Photo by Robert Scheer



Stepping beyond the feminist emblems that made her artistic reputation, Gaza Bowen reconstructs her own past

By Christina Waters

Like an Oscar-winning actress forever typecast by a single, scenery-chewing role, Gaza Bowen is famous for her fancy footwear. When people think of Sigourney Weaver, they think of Ripley battling alien monsters from outer space. When people think of Gaza Bowen, they think of shoes.

Certainly we're not talking about the polite Mary Janes that were so popular with little girls during the 1950s, when Bowen grew up in Tennessee. Gaza Bowen is famous for making shrewd footgear from Woolite bottles, Brillo pads, dollar bills and rusted bottle caps. In her expert hands, such innocuous, everyday objects become politically charged manifestoes.

During the 1980s, Bowen turned out a few pithy pairs of shoes so perfectly attuned to the domestic demimonde--stiletto diaries of mad housewives--that they became feminist icons. Museums all over the world rushed to display them.

As is true for any artist, Bowen's past work is her own hardest act to follow. Nonetheless, while continuing in her own footsteps, she has subtly moved on to other issues. If Bowen's infamous shoes provided a platform for present-day politics, the new constructions involve archaeological excavations of her personal past--and, in several powerful pieces, an unsettling future.

Gaza Bowen: Walking Through Time, is a substantial retrospective of her influential body of work. It includes a first look at some new territory--territory Bowen's been exploring for the past two years since she scored one of the last remaining National Endowment for the Arts Fellowships.

At first glance, there's nothing to link the past body of work--the ironic footwear--with the new constructions sitting in Bowen's Santa Cruz Mountains studio.

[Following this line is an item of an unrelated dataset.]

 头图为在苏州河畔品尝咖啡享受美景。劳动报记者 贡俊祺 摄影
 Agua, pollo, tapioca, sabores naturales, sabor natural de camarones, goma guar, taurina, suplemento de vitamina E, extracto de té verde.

"What shoes?" she quips with deadpan mischief. On the eve of her show, she's still fussing with details of metalwork veneered in vintage playing cards. Electrical circuitry needs rewiring, a few odd hinges await final instructions.

artwork
Paul Schraub

One Toe Over the Line: Santa Cruz artist Gaza Bowen's fervent and playful imagination reached the "tentacle" of its success in her world-famous "squid shoes"--"Loligopalescens"--which she created for the International Calamari Festival in the mid-1980s. During that period, she also achieved international success with her Brillo pad shoes.

The Games in the Attic

THE NEW CONSTRUCTIONS--three of which use battered luggage as a springboard for the artist's discoveries--utilize oxidized jewelry boxes, arduously distressed sheets of copper, rusted screens, optical lenses, gold leaf and garishly colored aluminum trays. The skilled shoemaker's hands are evident in each piece. Bowen is a genius with a bandsaw and thinks nothing of engineering whatever structural linchpin she can't find by rummaging through scientific catalogs, junk yards and industrial surplus warehouses.

Take the lock on Anne Frank's diary, for example.

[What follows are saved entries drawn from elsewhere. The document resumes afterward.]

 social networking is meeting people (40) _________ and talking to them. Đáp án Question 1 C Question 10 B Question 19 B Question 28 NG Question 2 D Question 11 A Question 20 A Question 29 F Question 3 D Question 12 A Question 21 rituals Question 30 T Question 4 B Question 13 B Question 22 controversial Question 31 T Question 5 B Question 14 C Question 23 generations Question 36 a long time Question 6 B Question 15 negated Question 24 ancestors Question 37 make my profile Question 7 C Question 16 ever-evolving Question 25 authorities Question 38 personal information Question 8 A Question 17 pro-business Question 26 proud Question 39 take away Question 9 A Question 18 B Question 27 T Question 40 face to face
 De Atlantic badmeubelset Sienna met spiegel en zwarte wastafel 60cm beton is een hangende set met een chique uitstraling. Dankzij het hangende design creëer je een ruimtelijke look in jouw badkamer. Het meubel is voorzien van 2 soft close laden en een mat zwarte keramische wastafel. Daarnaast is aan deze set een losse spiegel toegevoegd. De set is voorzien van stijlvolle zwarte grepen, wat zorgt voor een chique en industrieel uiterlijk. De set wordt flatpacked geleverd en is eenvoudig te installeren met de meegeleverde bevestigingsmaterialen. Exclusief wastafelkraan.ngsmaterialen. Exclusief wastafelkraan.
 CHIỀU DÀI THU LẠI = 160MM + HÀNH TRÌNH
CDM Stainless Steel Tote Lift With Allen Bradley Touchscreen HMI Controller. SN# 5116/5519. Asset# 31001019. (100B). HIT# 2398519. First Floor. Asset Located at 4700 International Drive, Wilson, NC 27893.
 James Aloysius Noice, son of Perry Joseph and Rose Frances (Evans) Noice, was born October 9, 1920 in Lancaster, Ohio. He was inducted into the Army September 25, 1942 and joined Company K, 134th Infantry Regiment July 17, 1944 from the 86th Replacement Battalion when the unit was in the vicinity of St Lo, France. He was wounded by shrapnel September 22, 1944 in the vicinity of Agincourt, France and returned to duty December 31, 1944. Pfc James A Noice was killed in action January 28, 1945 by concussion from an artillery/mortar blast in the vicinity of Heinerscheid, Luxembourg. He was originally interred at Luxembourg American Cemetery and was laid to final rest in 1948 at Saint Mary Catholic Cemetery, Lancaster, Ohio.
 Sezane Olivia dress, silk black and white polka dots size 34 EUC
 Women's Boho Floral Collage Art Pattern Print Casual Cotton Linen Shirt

Bowen has been busy revisiting her own childhood, growing up Jewish in the American South. Within the faded velvet covers of a replica of the famous Dutch girl's diary, Bowen has explored a favorite secret game of her girlhood.

"My best friend and I used to go up into the attic and play Anne Frank," Bowen says, her sinuous hands opening up the panels of the book, which will be displayed open, accordion-style so that each page can be read. Tracing these "memories of the '50s," Bowen has recreated the exact dimensions of Anne Frank's diary, even making a duplicate of the original lock. "As I was making her diary," she says, "making it exactly as it had been, it changed into an actual memory--into my diary."

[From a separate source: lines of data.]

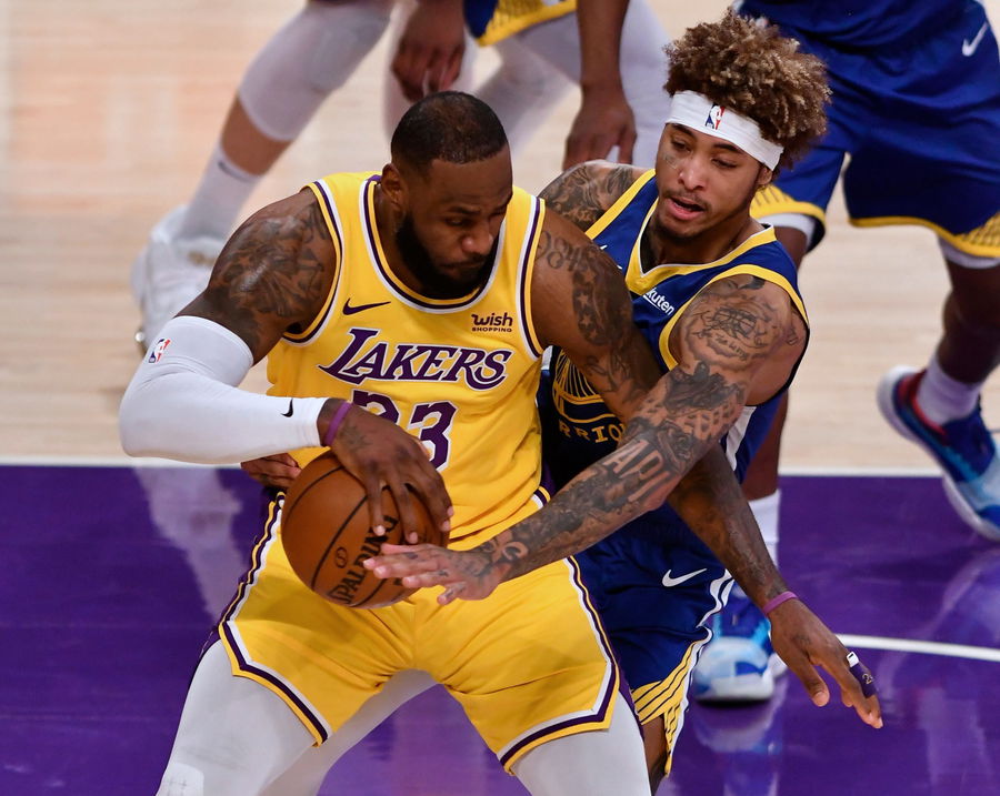 Jan 18, 2021; Los Angeles, California, USA; Golden State Warriors guard Kelly Oubre Jr. (12) tries to knock the ball away from Los Angeles Lakers forward LeBron James (23) during the first quarter at Staples Center. Mandatory Credit: Robert Hanashiro-USA TODAY Sports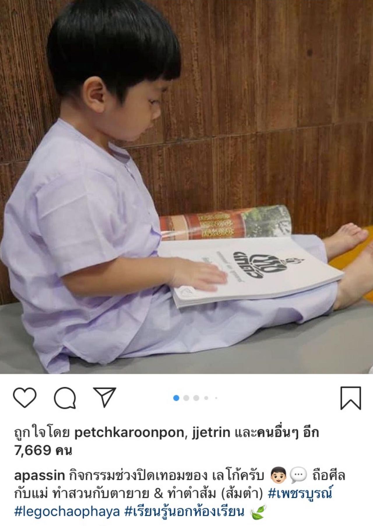 โดยหนุ่มเอได้โพสต์ภาพของน้องเลโก้ในระหว่างที่ทำกิจกรรมที่บ้านคุณตาคุณยายที่ต่างจังหวัดในอินสตาแกรมของตัวเองว่า “กิจกรรมช่วงปิดเทอมของ เลโก้ครับ ถือศีลกับแม่ ทำสวนกับตายาย & ทำตำส้ม (ส้มตำ) #เพชรบูรณ์ #legochaophaya #เรียนรู้นอกห้องเรียน”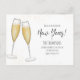 This design features a simple new years eve day, party champagne wine celebration festive, trendy stylish gold bubbly toast, a watercolor champagne flute glasses glass, an elegant calligraphy script text font, a whimsical typography style design, a modern Christmas holiday glitter, a classy-vintage retro cute simplistic, family friends get together party, a bubbly festive budget friendly postcard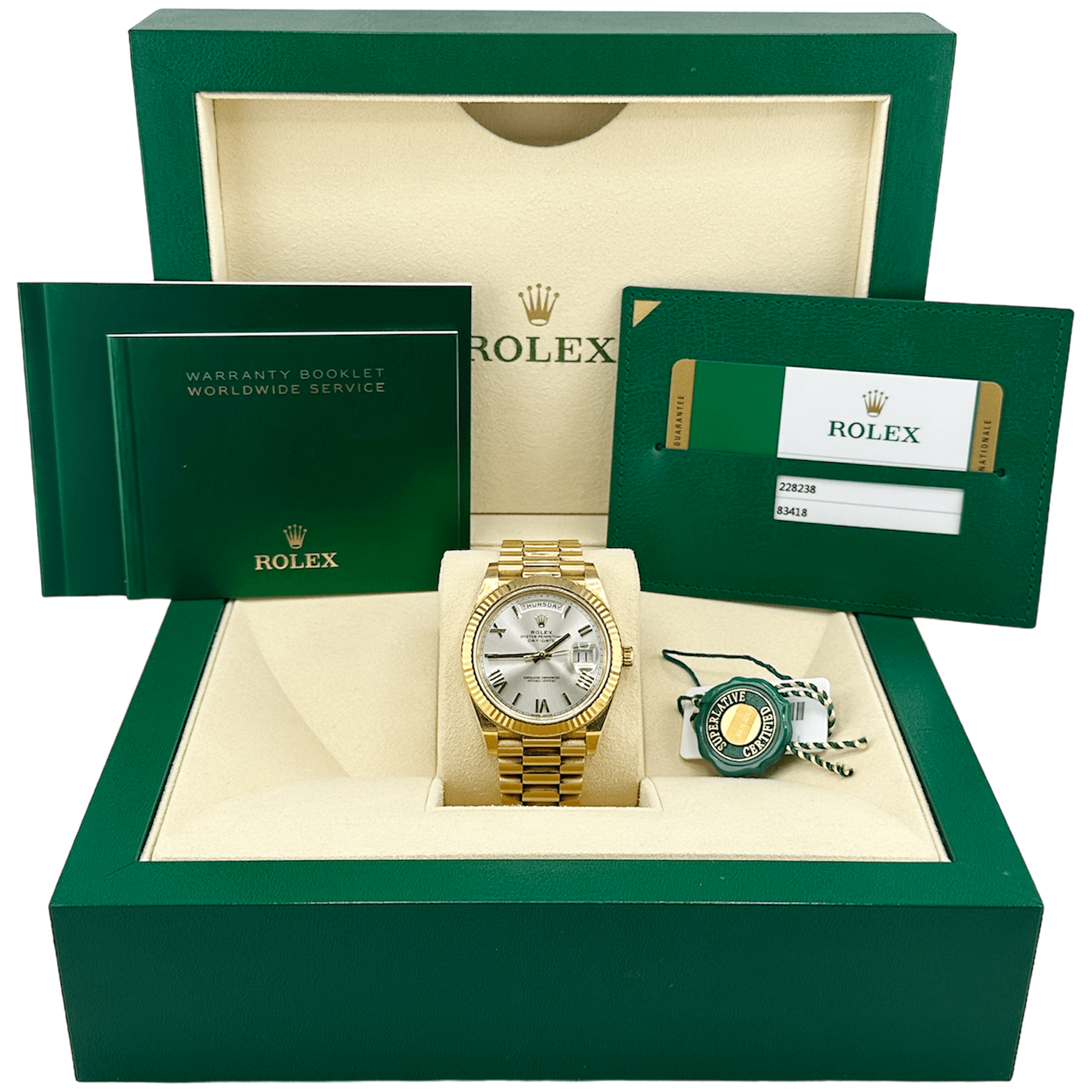 Rolex DayDate 228238 Silver Roman 40mm 18K Yellow Gold WatchGuys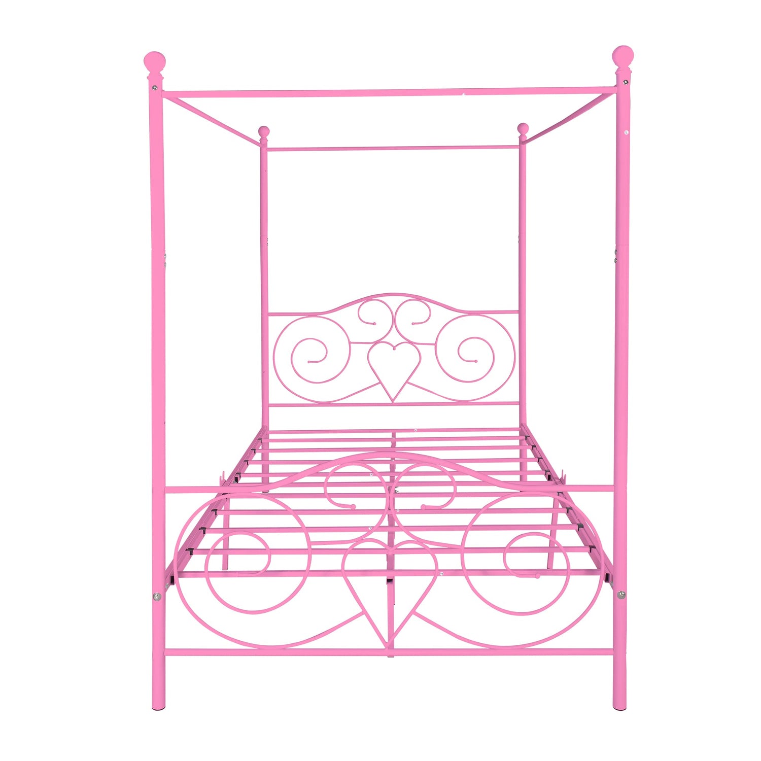 Details: Color:Pink | Size:Full Full size 4 post canopy platform bed frame Frame material: Metal Full Steel slats with metal center support Great under bed clearance for storage Box spring not required Assembly Required Mattress not included Product information: Product Dimensions:78.74L x 54W x 76.38H. Suitable mattress size: 75(L) x 54(W). Product Weight:58 lbs. Package Includes: Canopy bed frame Assembly Instruction Screws + Allen Key Please follow the instruction manual to install the bed. If you have any question, please contact our team immediately.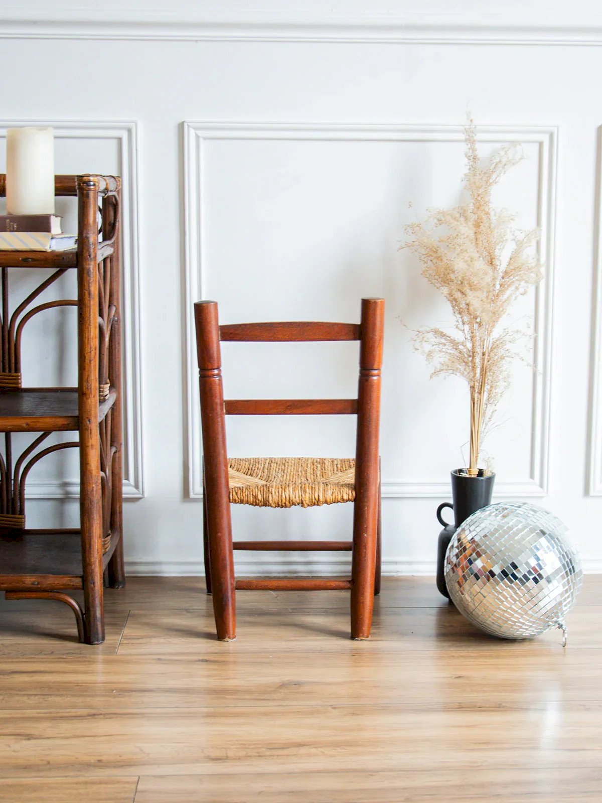 Dive into rustic elegance with our wooden and straw chair, featuring a slightly orange wood finish. Its design inspired by country style brings warmth and friendliness to your interior. Ideal for creating an authentic atmosphere around your table, it stands out with its compact dimensions, perfect for a child. Exclusive to the web, the meeting will take place at your home! Width: 27 cm Height: 49 cm Seat height: 22.5 cm Depth: 24 cm Condition: Used: Item has been used. Item shows some superficial signs of wear...Used: Item has been used. Item shows some superficial signs of wear, fully operational and functioning correctly. It may be a display model or an item returned to the store after a short period of use, taking into account any imperfections. Color: Multicolored Height: Country Width: Straw, Wood Length: Chairs Brand: Debongout Type: Vintage product Material: Straw, Wood Style: Country Assembly required: No Assembly level: Fully assembled

Inside a small overnight case--the kind little girls take when they spend the night at a friend's house--Bowen has constructed an eerie cross-section of the Franks' nightmare. Two floors of a house are opened up to view, with the third floor--the attic--cordoned off by barbed wire.

"The first two floors are very middle class--my childhood--and they're contrasted with what was going on in Europe. It's about how children really absorb their world," Bowen explains. "People don't think children understand things."

But they do.

artwork
Trickster of the Trade: Trained shoemaker Gaza Bowen wandered from the tried-and-true path of design into the fast lane of conceptual art with her agit-prop footwear, a direction she continues to tread with her latest artistic constructions.

Photo by Robert Scheer



Lives Lost and Found

SELF-DISCOVERY is one of the delicious by-products of making art. With any luck, when all 37 pieces in the new Museum of Art and History show are gathered together from private collections, museums and her own studio, Gaza Bowen will be as surprised as anyone over what she finds.

"I see them as installations," she says, her perpetually amused eyes considering a mirrored image available to the viewer peeking into the Anne Frank overnight case.

"But it's true that part of the meaning of the piece comes from the case itself," she says. "I don't want this to sound weird, but often these found objects tell me what they need to continue their life."

But sometimes, the artist only discovers some meaning much later.

Bowen admits that an overnight case filled with dolls strapped in with a leather belt is a "creepy" image. "You do stuff and years later you think, 'oh, that's what that was about'," the artist says.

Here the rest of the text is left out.